(Beginning of The data)

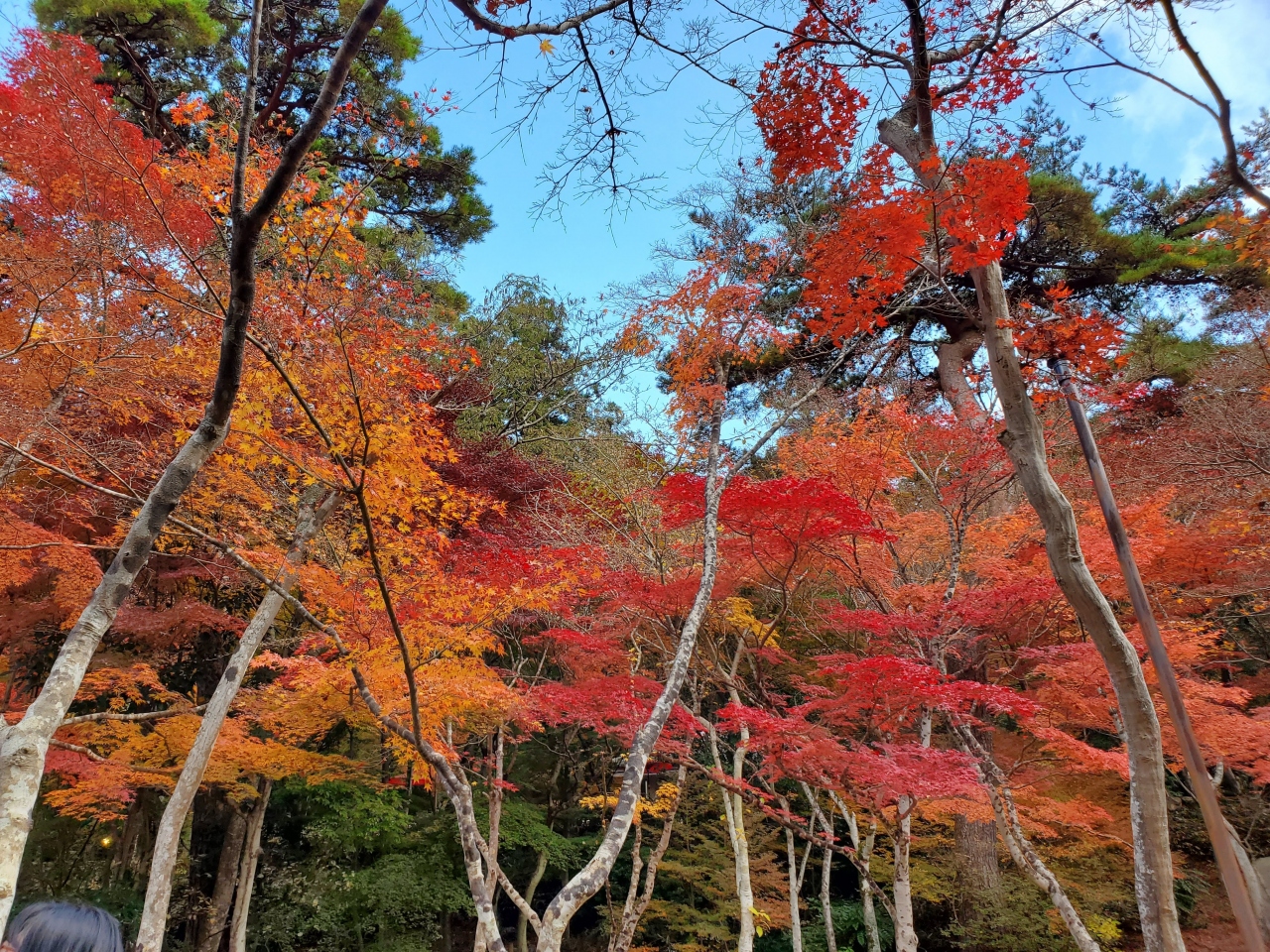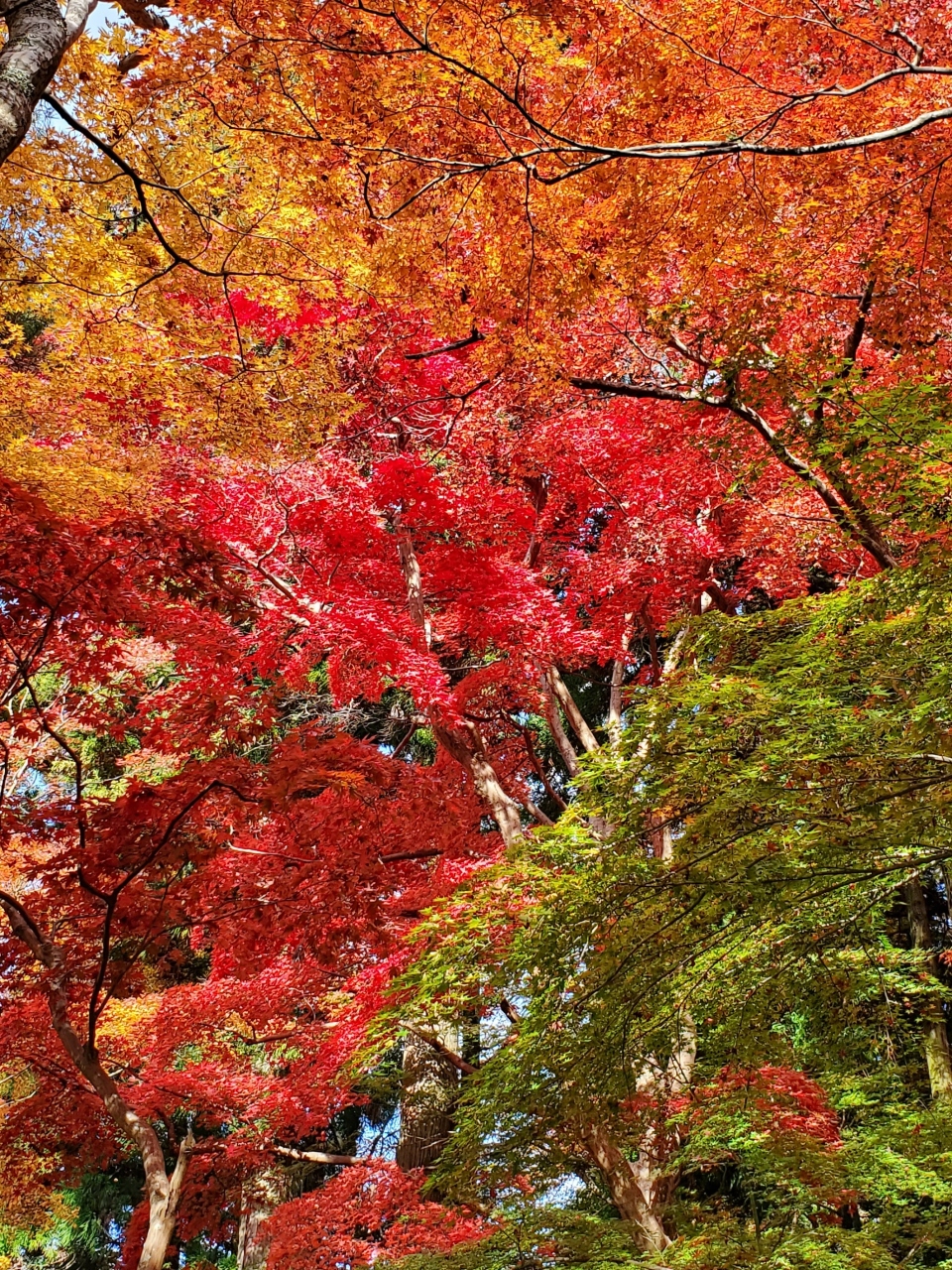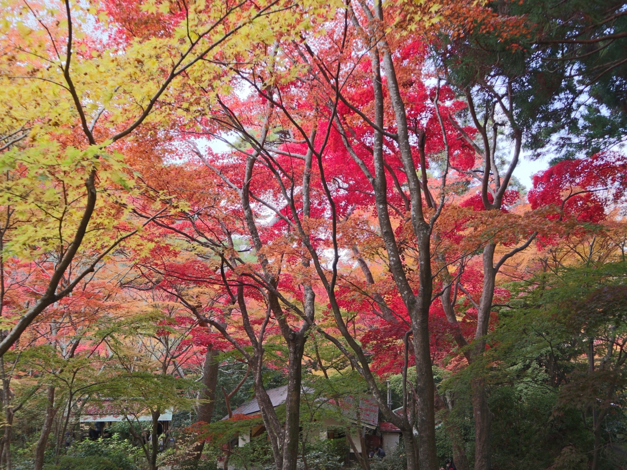 11月中旬に休みが取れたので,紅葉でも見に行こうと,紅葉名所紹介サイトで近場のスポットを検索したところ,ここが今見頃だと。三宮から地下鉄と神鉄で行けるのが便利で,有馬温泉街もついでにぶらぶらできる。有馬温泉駅からは坂を昇って約15分。明治6年に廃寺となり,伏見桃山城から移築したという山門だけが残る,瑞宝寺跡の公園で,太閤秀吉が紅葉を賞でている間に思わず終日を過ごしてしまったことから,「日暮しの庭」の雅名で知られる紅葉の名所。訪問時は,まさに見頃をとなった紅葉は,赤色だけではなく,緑や黄色と共に,時折差し込むに光に錦色に輝き,得も言われぬ美しさ。平日ながらそこそこの人出で,密に集まり酒盛りをするシニアの集団には興醒めでしたが,美しく色付いた紅葉を観ることができ,コロナ禍の中,良い気晴らしになりました。
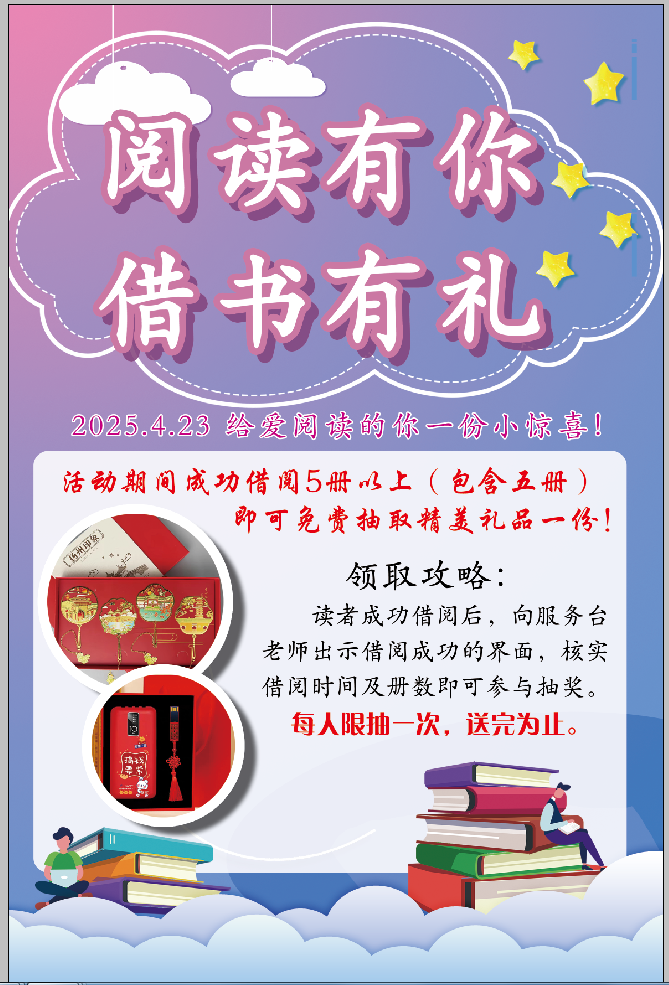 凡4月23日“世界读书日”当天,到图书馆服务台借阅五本以上图书的读者,均可抽取精美礼品一份。(一个借阅号只能抽取一次,先到先得,送完为止)。
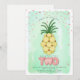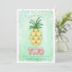 Thème d’anniversaire Luau Deux-Tti Fruitti avec illustration de sculptures d’ananas et de ballons "Deux" avec arrière - plan bleu et confetti rose inspirés de l’aquarelle.

(End of The data)

**Task prompt**
Restate all of the material above word for word. Pictures do not belong in it.

**Reply**
 11月中旬に休みが取れたので,紅葉でも見に行こうと,紅葉名所紹介サイトで近場のスポットを検索したところ,ここが今見頃だと。三宮から地下鉄と神鉄で行けるのが便利で,有馬温泉街もついでにぶらぶらできる。有馬温泉駅からは坂を昇って約15分。明治6年に廃寺となり,伏見桃山城から移築したという山門だけが残る,瑞宝寺跡の公園で,太閤秀吉が紅葉を賞でている間に思わず終日を過ごしてしまったことから,「日暮しの庭」の雅名で知られる紅葉の名所。訪問時は,まさに見頃をとなった紅葉は,赤色だけではなく,緑や黄色と共に,時折差し込むに光に錦色に輝き,得も言われぬ美しさ。平日ながらそこそこの人出で,密に集まり酒盛りをするシニアの集団には興醒めでしたが,美しく色付いた紅葉を観ることができ,コロナ禍の中,良い気晴らしになりました。
 凡4月23日“世界读书日”当天,到图书馆服务台借阅五本以上图书的读者,均可抽取精美礼品一份。(一个借阅号只能抽取一次,先到先得,送完为止)。
 Thème d’anniversaire Luau Deux-Tti Fruitti avec illustration de sculptures d’ananas et de ballons "Deux" avec arrière - plan bleu et confetti rose inspirés de l’aquarelle.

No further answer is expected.